For the listing below, the answer is an exact retyping of the lines from the one with "Gerçek şeffaf kuvars" through the one with "这些数据不需要人工标注,比如", both included, without pictures.

Content starts

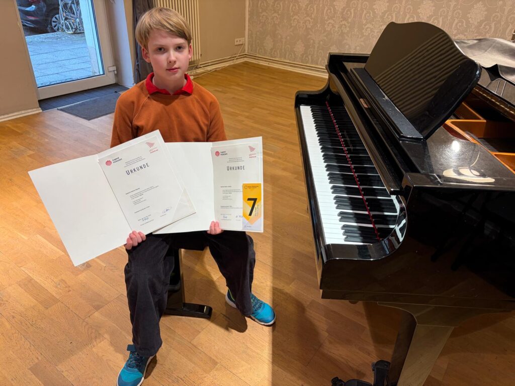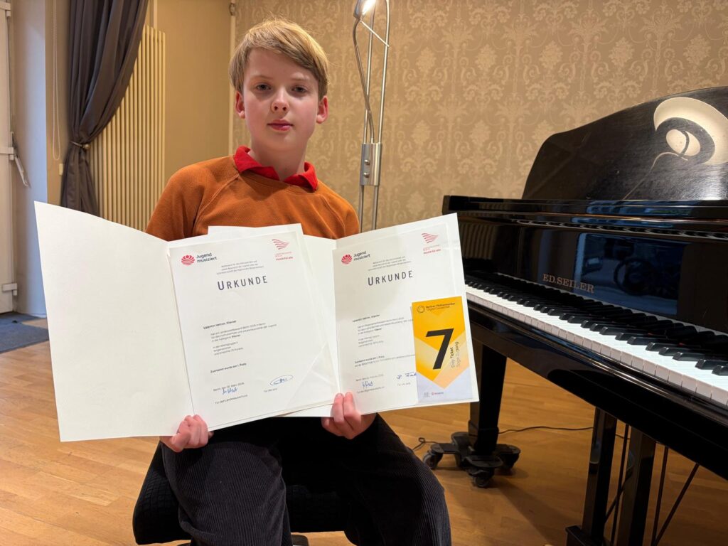 Hallo liebe Schüler, liebe Eltern, liebe Schulgemeinschaft, mit großer Freude können wir mitteilen, dass unser Schüler Valentin Vetrov im Fach Klavier, aus der Klasse von Frau Natascha Osterkorn, beim Landeswettbewerb „Jugend musiziert“ in Berlin erfolgreich teilgenommen hat. Er wurde mit einem 1. Preis ausgezeichnet. Besonders hervorzuheben ist, dass er von der Jury die volle Punktzahl erreicht hat – 25 von 25 Punkten. Wir sind sehr stolz auf diese hervorragende Leistung und gratulieren ganz herzlich! Ihr Team Salon Dreiklang.
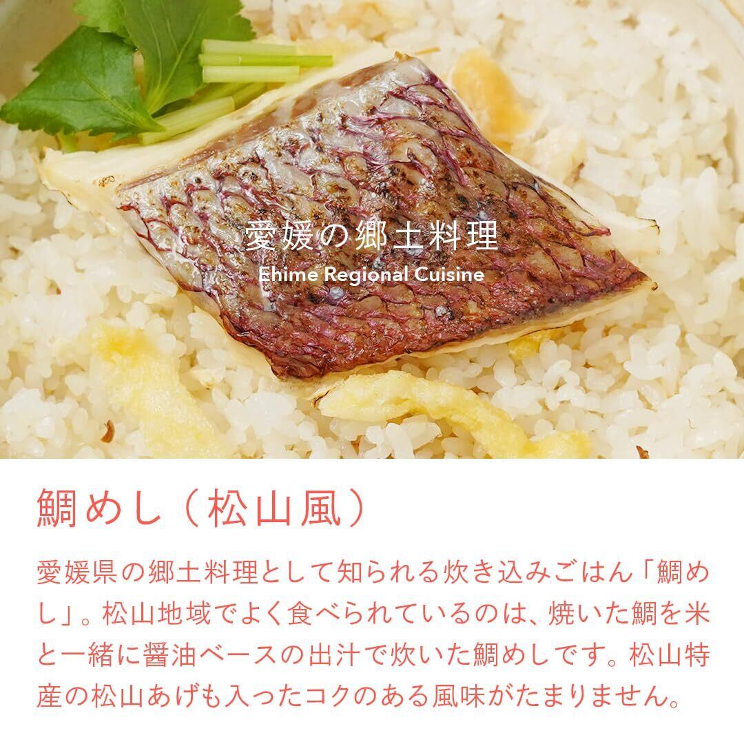 愛媛名物 鯛めしの素 愛媛産真鯛 MEDETAIME 2合炊き 紅 松山風 鯛飯 炊き込みごはん 国産 瀬戸内海産 (1個, 松山鯛めし)
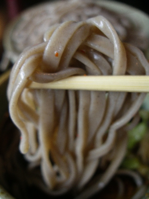 つるりのど越しの良い太打ち麺です。 蕎麦の風味、のど越し、食感が何とも言えません。最後まで冷めるどころか・・熱々のスープは、この太麺によく絡みます。少々濃いめの味付けに感じますが、最後まで飲み干してしまう美味しさです。
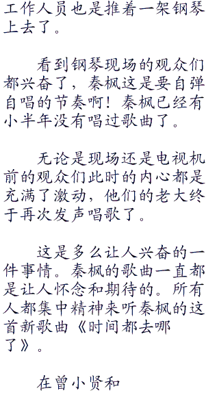 每年的春晚都是从早上就开始准备。秦枫他们到了之后也是在做着最后的准备。毕竟春晚的意义还是非常的重大的。
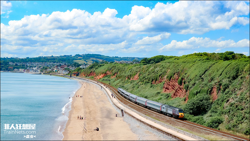 2023年8月。盛夏时节,Crosscountry Intercity125担当Plymouth至Glasgow Central的快车驶过Dawlish海滩。
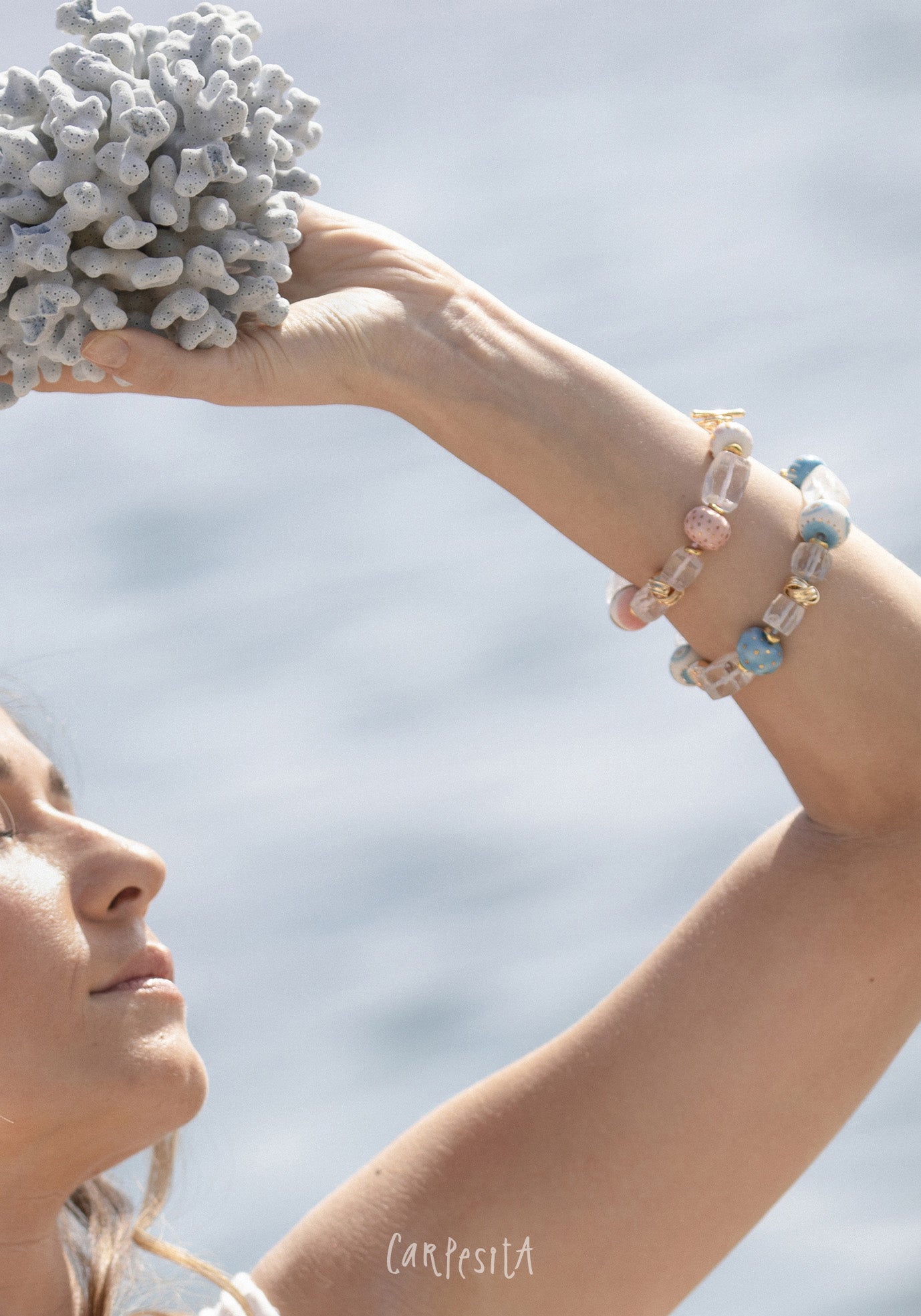 Gerçek şeffaf kuvars taşlar, deniz camı, altın kaplama bakır ara metallerle tasarlanan, tek parça olarak üretilen bileklik.
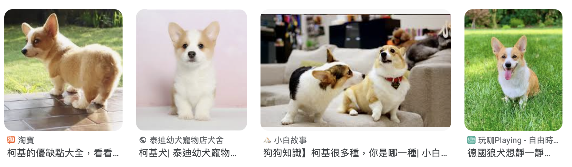 这些数据不需要人工标注,比如我们在任意搜索引擎搜索图像,这些图像都会自带文本描述。下面的图中我展示了在搜索引擎中搜索柯基犬的结果截图。可以看到,图像自带的文本描述与图像具有较强的语义一致性,说白了就是图文对应。这种关联信息就是用于训练的监督信号!
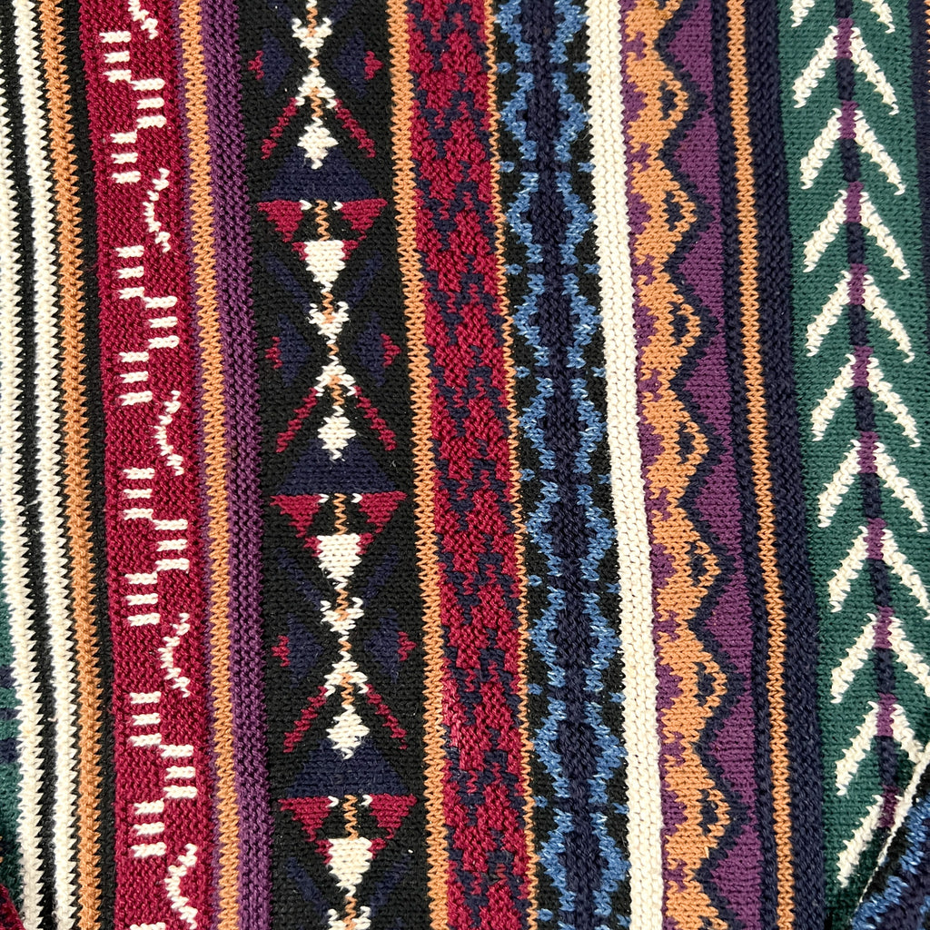 The sweater has a relaxed, slightly boxy fit with ribbed collar, cuffs, and hem. Heavyweight construction makes it ideal for fall and winter layering, statement fits, or collectors of vintage Ralph Lauren / Chaps knits. A standout piece with strong visual texture and color.
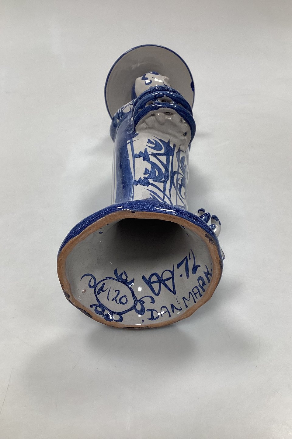 Bjorn Wiinblad figurine from The Four Seasons, Spring No M20. Signed in 1972. Measures 32 cm / 12.6 in. Shows several repairs to head, hat and foot.
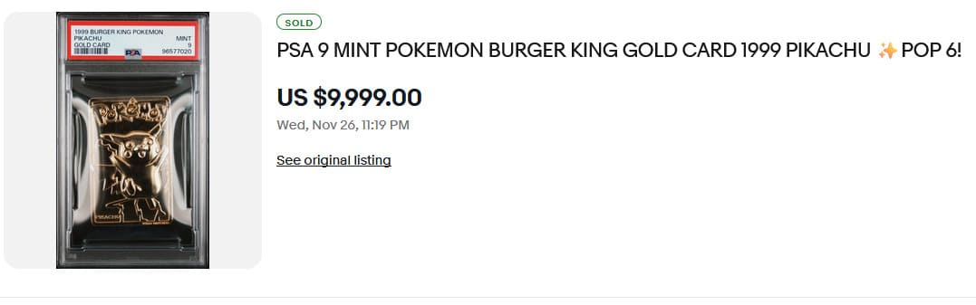 Im November 1999 ging die Pokémon Company eine Kooperation mit der US-amerikanischen Schnellrestaurantkette Burger King ein. Beim Kauf eines beliebigen Menüs konnten Kunden eine von sechs Pokémon-Goldkarten für jeweils 1,99 $ erhalten. Die Karten kamen entweder in einer blauen oder roten Box und enthielten zusätzlich einen Pokéball aus Plastik sowie ein Echtheitszertifikat von Nintendo of America. Zur Auswahl standen Glurak, Pummeluff, Mewtu, Pikachu, Quaputzi und Togepi.
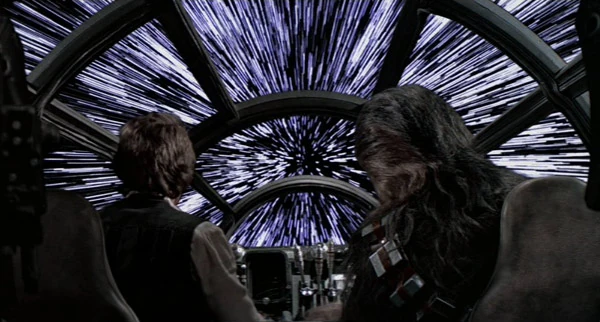 Ein Hyperraumsprung aus der Cockpitsicht des Millennium Falken.
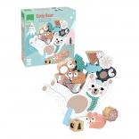 Gra balansowa Miś Eddy w delikatnych skandynawskich tonach zapewnia świetną zabawę dla dzieci i rodziców. Dzieci rzucają kolorową kostką i zgodnie z wylosowanym kolorem dokładają drewniane elementy na kołyszącego się misia. Gra trenuje zręczność, koncentrację i równowagę, a także wspiera cierpliwość i logiczne myślenie.
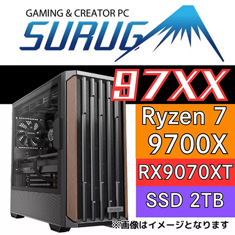 Radeon RX 9070 XT搭載のゲーミングPC「SURUGA 97XX」が駿河屋から発売。受注生産品で、価格は280,800円。
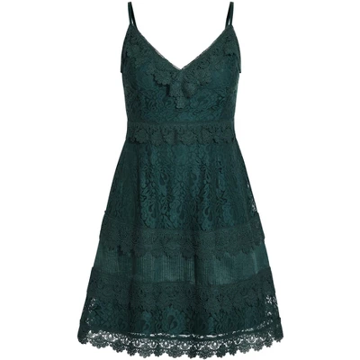 Look elegant in emerald green with the dreamy Nouveau Lace Dress. This dress includes a deep V-neckline with adjustable shoulder straps and a layered lace finish for a show-stopping look.Combine this dress with a pair of slip-on black pumps!Bold, stylish, glam and chic, no one does plus size fashion like City Chic. Loved around the globe for its diverse range of fashion-forward designs, City Chic flaunts figure-loving styles for any occasion. From show-stopping evening gowns to workwear and casualwear, City Chic will take your style to bold new heights. Available in sizes 12 – 24.
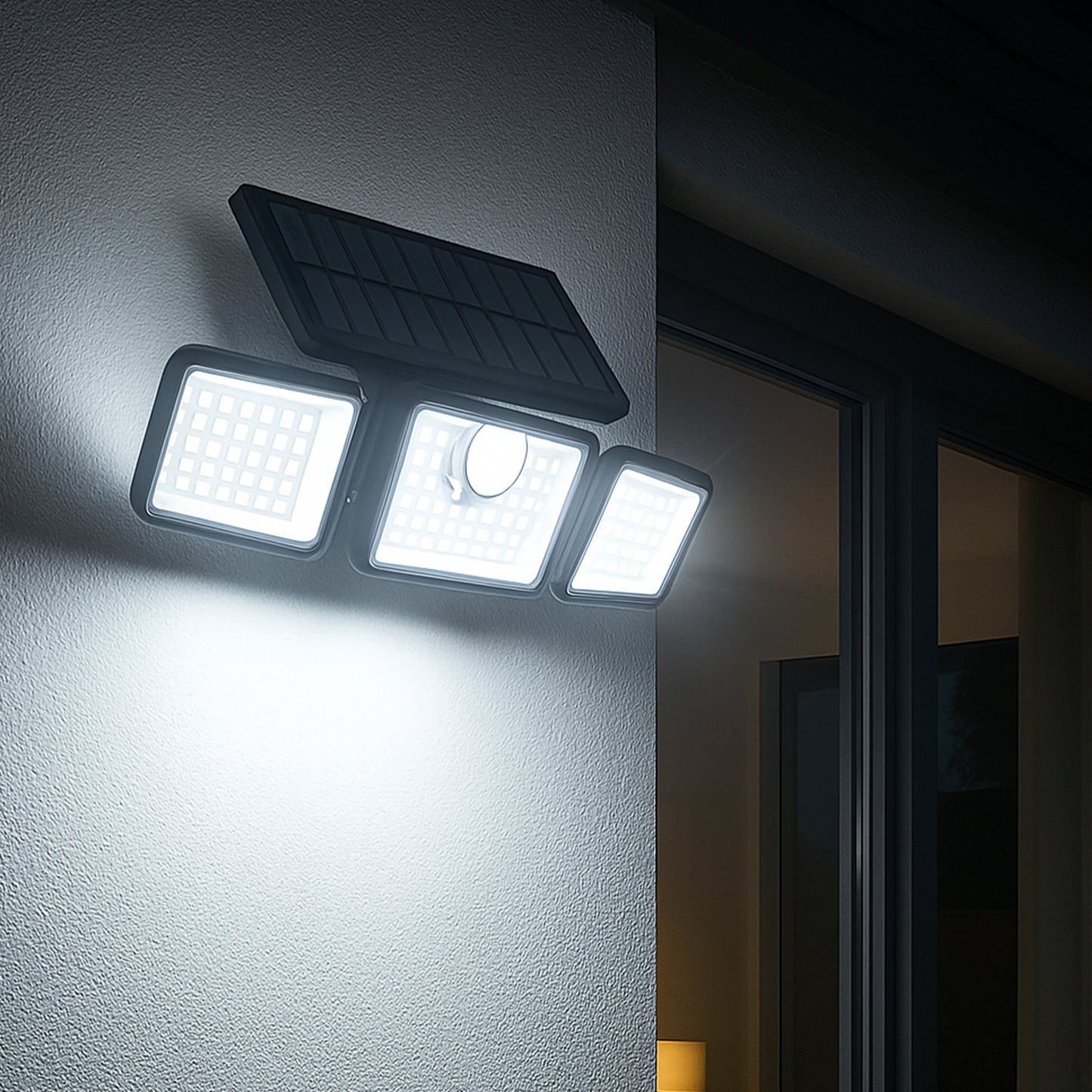 - Éclairage Puissant et Haute Performance : Le lot de 2 projecteurs solaires 2X GLEAMAX à 3 têtes utilise un panneau solaire intégré qui collecte l'énergie solaire tout au long de la journée. Équipé de 252 LEDs ultra-lumineuses, il offre un éclairage à 270 degrés, bien plus large que les spots classiques qui éclairent à 90 degrés. Le projecteur solaire GLEAMAX est orientable horizontalement. Avec une luminosité pouvant atteindre 700 lumens, ce projecteur solaire garantit un éclairage puissant et efficace dès la tombée de la nuit et en cas de détection de mouvement, idéal pour éclairer les entrées de garage, les allées de jardin et les passages sombres.

Content ends

◆ Written solution ◆
 Gerçek şeffaf kuvars taşlar, deniz camı, altın kaplama bakır ara metallerle tasarlanan, tek parça olarak üretilen bileklik.
 这些数据不需要人工标注,比如我们在任意搜索引擎搜索图像,这些图像都会自带文本描述。下面的图中我展示了在搜索引擎中搜索柯基犬的结果截图。可以看到,图像自带的文本描述与图像具有较强的语义一致性,说白了就是图文对应。这种关联信息就是用于训练的监督信号!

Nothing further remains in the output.